Sous la rubrique «Littérature», Bertrand Verine montre l’émergence, au tournant des XIXe et XXe siècles, d’une mise en discours de la sensorialité, qui a ensuite été diversifiée par des écrivains de plus en plus nombreux (page 122): il en prend pour exemples quelques extraits particulièrement tactiles de Stefan Zweig. De son côté, Anne-Marie Baron rend saillantes les figurations douloureuses du toucher dans l’abondante œuvre de Balzac, et les explique par «une carence du moi-peau», ce «fantasme infantile d’une peau commune à la mère et à l’enfant, qui serait à la fois contenant, interface délimitant le dehors, barrière protectrice, lieu et moyen primaire d’échange» (page 132).
Les trois articles de la rubrique «Médecine» conjuguent de manière remarquablement juste le récit d’expérience, l’autoanalyse et les apports théoriques. Le professionnalisme et l’émotion de Jean-Daniel Lalau, de Nadine Satori et de Michèle Piazza d’Olmo (pages 27-59) trouvent des prolongements substantiels dans le travail déjà cité d’Anaïs Choulet-Vallet et dans ceux d’Éric Fiat (pages 157-167), puis de Katerina Zekopoulos (pages 175-180). Ainsi Jean-Daniel Lalau tire-t-il de son expérience de clinicien cette description de la relation tactile: «c’est cela, le toucher : un petit rien, qui fait tout. Le sens, et le sens du sens. Un sens parmi les sens, certes, mais un sens à part. […]C’est un sens qui donne à découvrir en allant. Un sens qui donne, tout court. Et c’est en fonction de la sensation provoquée, chez le donataire comme chez le donateur, que le toucher évoluera. Il est affaire de médiation » (page 40).

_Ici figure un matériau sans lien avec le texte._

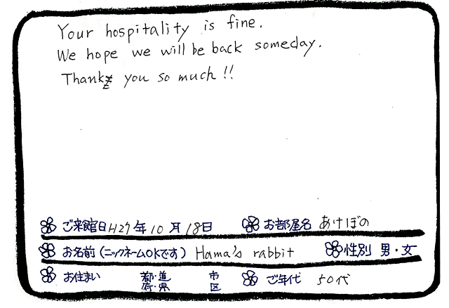 Categories : ご滞在いただいたお客様からの素敵なメッセージ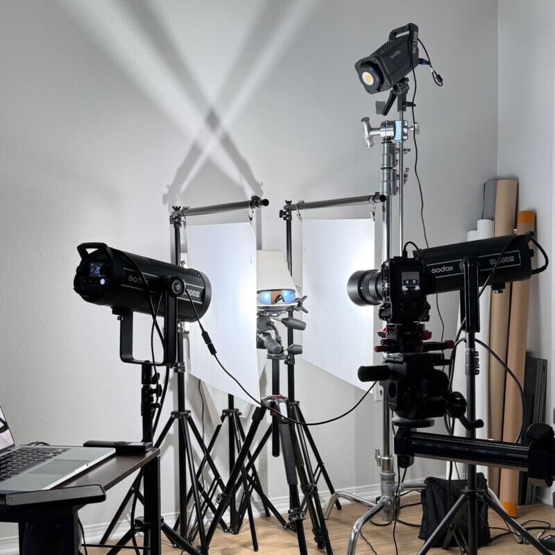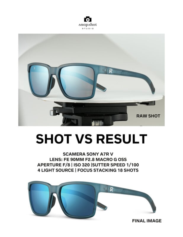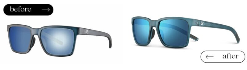 При съемке очков правильное освещение имеет ключевое значение. Живой пример: в первом варианте с неуправляемым освещением детали теряются, в то время как во втором варианте, при контролируемом освещении, использование диффузоров позволяет передать ясность и структуру.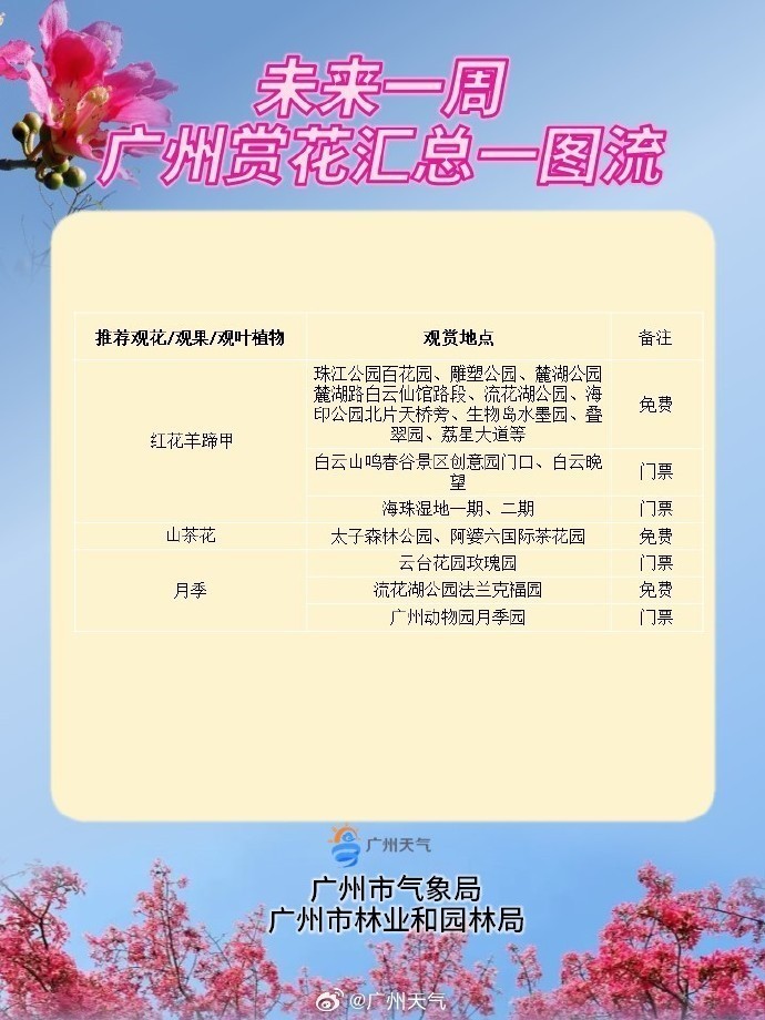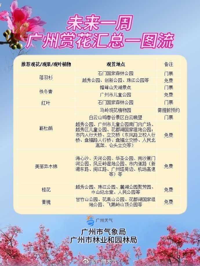 虽有寒潮,但作为花城,广州的各种花卉也开得格外艳,趁着这个周末去看看吧。

En écho, voici la conclusion de la méditation d’Éric Fiat sur le tact de l’organiste et celui du soignant: « nous voulons proposer que l’art de toucher doive consister tout entier dans l’hommage que la main rend à la distance qui la sépare encore de ce qu’elle va finalement toucher. Le moment du contact même –car il devra bien y avoir contact pour qu’il y ait toucher!– n’abolira qu’en partie ladite distance puisque celle-ci continuera de se faire sentir après qu’elle aura été abolie, en ceci que la main de celui qui sait toucher prend la mesure sans prendre le pouvoir. (…] nous pourrions faire du tact la juste et fragile mesure entre le prendre et le laisser, l’hommage d’une patience attentive à la timidité de ce qui se donne à toucher» (pages 165-166).
L’AFONT partage le constat d’Anaïs Choulet-Vallet qu’aujourd’hui «la relation tactile est toujours chargée de représentations liées au genre et à la sexualité» (page 80). Afin de trouver une issue à cette impasse historique, nous reprenons à notre compte l’interrogation par laquelle Catherine Dolto conclut l’ensemble du dossier: «parler s’apprend, pourquoi continuer à faire comme si le langage du tact qui nous meut au plus intime, au plus archaïque, serait inné?» (page 188). Et pour dépasser ce que l’«archaïque» peut avoir de régressif, nous faisons nôtre le programme formulé par Éric Fiat: «toute une palette, tout un nuancier, tout un herbier sont à inventer, entre la main que son défaut d’égards conduit à faire main basse sur ce qu’elle touche et la main que son excès d’égard conduirait à ne pas même toucher ce qu’elle devrait toucher» (page 166).